I don't feel like such lists are useful. This is not a vote and at least I don't want that someone add my name on list based on how he/she see my opinion. That's why I took off my name from there. Stryn (talk) 20:42, 28 August 2019 (UTC)

Yeah, that's not usually how RFC's work. Normally people add themselves. I think others have objected to being spoken for as well. SQLQuery me! 16:04, 29 August 2019 (UTC)
I never said this list would be the final decider in whether or not it passes. it's just a proof of concept, a visual representation of who thinks what, and to show to those who act like people enjoy this idea. And i'm sorry if you felt like i was trying to speak for you, when prepopulating the list from discussion i left out a lot of editors who i wasn't entirely sure what they thought. if you want to remove your name i won't be offended but i also don't see the harm in keeping it. Computer Fizz (talk) 23:26, 29 August 2019 (UTC)
I haven't checked every name in the list, but a quick scan of this page for the exchange between 87.212.10.251 and 24.151.50.175 suggests this list is going to be highly dubious. Let's put it another way Computer Fizz. Do you oppose improvements to anti-vandalism tools if it resulted in increased privacy? It's fine to suggest that you've explored all the options and have ruled out any alternatives to publicly displaying IP addresses. But I don't think that's really the case for the majority here. Not wanting change is an understandable reaction, but at this point we don't even know what the proposed change is going to be, so opposing it without fully understanding all the implications doesn't really make much sense. -- zzuuzz (talk) 23:57, 29 August 2019 (UTC)
My proposed change is to require people to create an account. The only real downside is that those ips that just make like one or two edits like fixing a typo then disappear forever probably won't wanna do that and it'll just go unfixed.
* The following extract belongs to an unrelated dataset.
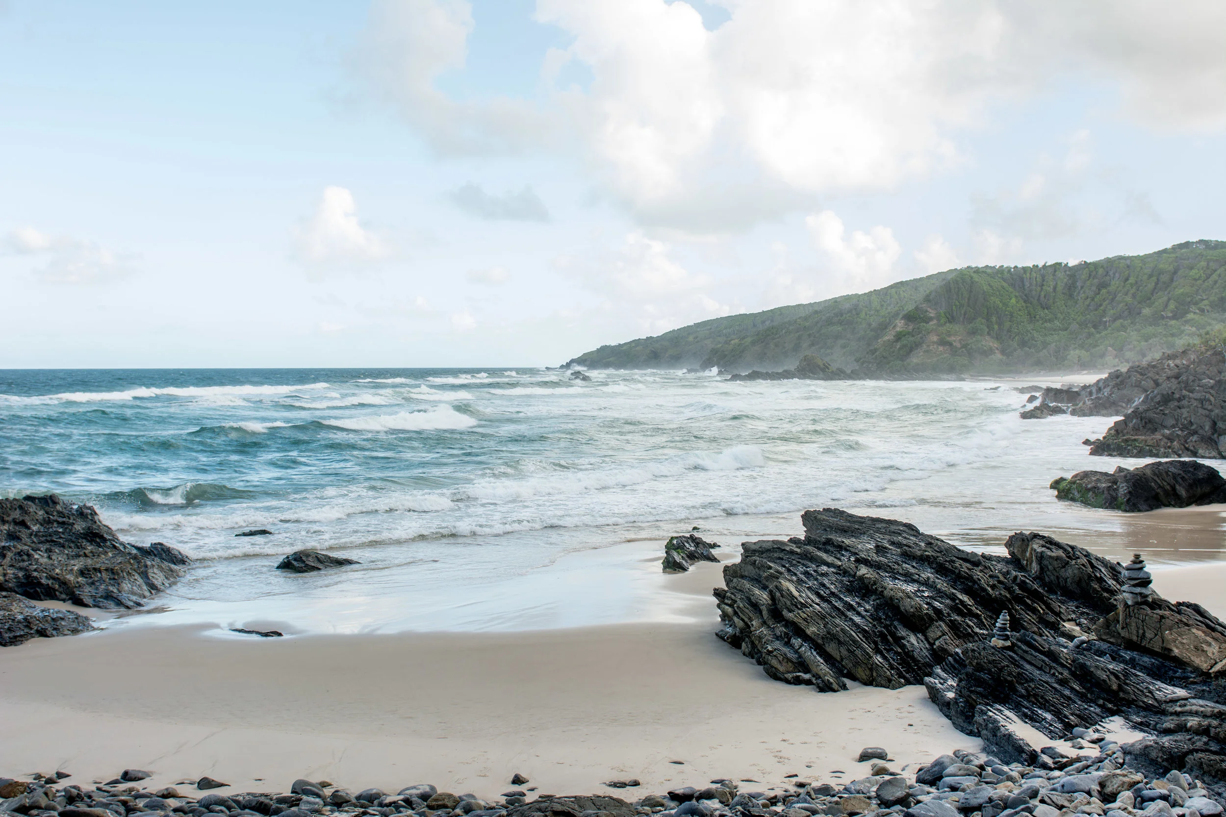 This one is a bit of a locals secret spot so I hope I am not breaking any hearts by sharing this! Whites beach is a little bit out of the way, tucked into the headland just south of Byron Bay. You can access it by a dirt road, however my favourite way to get there is a short and picturesque walking trail from the broken head caravan park. This walk also leads you past another gorgeous beach and the iconic three sister rocks.

That said, i still think it's miles better than the current proposal. Computer Fizz (talk) 08:02, 22 September 2019 (UTC)
  • @NKohli (WMF), CLo (WMF), DannyH (WMF), and Johan (WMF): In light of the extremely strong consensus in opposition to this proposal, why hasn't it been officially shelved? If the legal team has concerns about exposed IP addresses, then the simple solution is to just require registration to edit everywhere. If you truly do intend to make our lives easier than harder, then I would not advise moving forward with a proposal with less than a 5% approval rate.--Jasper Deng (talk) 23:51, 1 June 2020 (UTC)
Jasper Deng: As you indicate, we're not doing this because we think it's a terrific idea to spend our resources on doing something that significant parts of our community think is going to cause problems for ability to fight vandalism, but because of changing norms around what we can do with IPs. We've been having a number of conversations in other languages than English and will report them here as soon as possible, at least one Wikipedia community that has discussed this actively want IPs to be masked, some are torn, some think it's not an issue. We'll get back to this, and do a proper update as soon as we have managed to get things together, but I just briefly wanted to comment on the underlying assumption that it would be easy and uncontroversial to simply disallow IP editing. My home wiki, for example, has explicitly discussed and rejected requiring registration in the light of IP masking, and would be angry and upset if the WMF decided to take that route for the Wikimedia communities in general. /Johan (WMF) (talk) 01:02, 2 June 2020 (UTC)
@Johan (WMF): Yes, Swedish Wikipedia may support this proposal, but this is just one Wikimedia site out of the almost 1000 that we now have, and certainly not the norm in many areas. I can tell you that English Wikipedia is resoundingly against this proposal, and quite frankly if WMF alienates that wiki (as they nearly did with superprotect and w:en:WP:FRAM, and maybe even the Universal Code of Conduct), I think Wikimedia will be over. Why does the WMF continue to push pet projects that the editing community (that quite frankly, generates the content that brings in the viewers and the donations) does not want?
If you really doubt the numbers above - why doesn't the WMF make an official RFC on Meta? Any of these "studies" you have done - they could be cherrypicked and that's not how we do things on Wikimedia. We do them by open discussion and consensus, not by closed discussions and forum-shopping. --Rschen7754 01:18, 2 June 2020 (UTC)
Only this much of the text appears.